In an interview with the Chinese television station Phoenix, Prof. Müsgens commented on the effects of the Ukraine war on the German energy system. 

Follow this  link to hear the full interview.

Challenges of the energy transition: Interview with rbb24

In an interview with rbb24, Prof. Müsgens talks about the goals of the energy transition. The goal of generating 80 percent of Germany's electricity needs from renewable energies is certainly ambitious, but it can be achieved if the right technologies are promoted and the bureaucracy involved in project planning is reduced.
Follow this link to hear the full interview.

International Energy Economics Conference 2023 (IEWT) in Vienna.

During a presentation at the International Energy Economics Conference 2023 (IEWT) in Vienna Prof. Müsgens spoke about the effects of the Ukraine war in the energy market. While the war will have a positive long-term impact on climate protection and the energy transition, in the short term, negative consequences of the conflict are still to be expected. The energy transition will be completed more quickly as a result of the event. On the one hand,  natura gas has lost its importance as a bridging technology and on the other, the acceptance of renewable energies and their expansion has risen sharply.

You can access the full article and presentation slides here.

Get Into Energy: New R&D Opportunities for Students in Cottbus on February 1st, 2023

On February 1st, 2023 the event Get Into Energy: New R&D Opportunities for Students in Cottbus took place at BTU. The event offered students the opportunity to get in touch with energy research institutes. The event started with a pitch-session in which the Fraunhofer Research Institution for Energy Infrastructures and Geothermal Systems IEG, the DLR In­sti­tute of Low-Car­bon In­dus­tri­al Pro­cess­es, the Energy Innovation Centre (Energie-Innovationszentrum - EIZ), the Center for Hybrid Electric Systems Cottbus (chesco) and the DLR Institute of Electrified Aero Engines were introduced within 5 minutes.
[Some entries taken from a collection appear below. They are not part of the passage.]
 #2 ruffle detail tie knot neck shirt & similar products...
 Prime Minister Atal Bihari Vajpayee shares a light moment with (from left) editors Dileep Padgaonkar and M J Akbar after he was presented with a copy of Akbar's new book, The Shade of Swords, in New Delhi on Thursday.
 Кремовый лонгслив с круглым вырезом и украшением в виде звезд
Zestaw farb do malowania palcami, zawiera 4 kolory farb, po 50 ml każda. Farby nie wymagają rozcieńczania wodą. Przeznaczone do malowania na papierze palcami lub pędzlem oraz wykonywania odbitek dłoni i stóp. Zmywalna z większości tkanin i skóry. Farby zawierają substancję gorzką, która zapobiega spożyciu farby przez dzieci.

Afterwards, students could meet with researchers from the various institutes and exchange contact information. During the get-together, Franziska Penske and Niklas Ziemann from the Chair of Energy Economics presented the research foci of the Energy Economics Lab (EECON Lab) – which is part of the EIZ – to interested students and informed them about the opportunity to become a participant in a laboratory experiment. By doing so, more than 40 participants could be recruited for research studies. If you are also interested in taking part in one of our studies, please find all relevant information (requirements, contact information) in the picture below.

FOCSSI 2 Project Kick-off

On 3rd February 2023, a digital kick-off meeting for the FOCCSI2 project was held between the chair of Energy Economics at BTU and their associated partner TenneT.
The FOCCSI 2 project is a three-year research project funded by the Federal Ministry of Economics and Climate Protection (BMWK). 
In the project, we will develop "meta-forecasts" for both PV and wind feed-in based on weighted combinations of individual forecasts using AI and ML methods. The proposed methodology will be applied based on PV and Wind forecasts provided by TenneT data. 
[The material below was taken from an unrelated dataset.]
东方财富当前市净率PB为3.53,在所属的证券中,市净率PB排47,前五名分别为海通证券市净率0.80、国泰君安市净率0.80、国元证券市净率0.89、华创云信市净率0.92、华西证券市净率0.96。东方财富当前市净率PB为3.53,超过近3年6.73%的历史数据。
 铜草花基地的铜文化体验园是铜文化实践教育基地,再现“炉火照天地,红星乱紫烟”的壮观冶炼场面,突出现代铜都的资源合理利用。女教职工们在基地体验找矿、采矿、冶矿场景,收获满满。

New publication in Energy Policy on how CO2 prices accelerate decarbonisation in Germany

Our new article “How CO2 prices accelerate decarbonisation – The case of coal-fired generation in Germany” provides new insights on how different instruments to reduce carbon emissions impact the development of coal phase-out. We compare instruments to reduce emissions and their impact in the German market. We find that with current CO2 prices, more coal may leave the system than regulation foresees. As a consequence, market forces may reduce employment even faster than planned in the regulation.

You can find the article here.

New publication on wind energy auctions in Germany

Some highlights from the publication "Evaluating the German onshore wind auction programme: An analysis based on individual bids" published in EnergyPolicy's special issue on "Renewable energy auctions - past, present, and future":

- Realisation rates have been low so far – below 50% of awarded projects have been built.
- Secondary objectives (such as acteur diversity) are difficult to translate into design elements, making them even more difficult to achieve.
- A lack of competition has played a major role in keeping subsidy levels high.
- The auction design has reinforced the advantages of large developers.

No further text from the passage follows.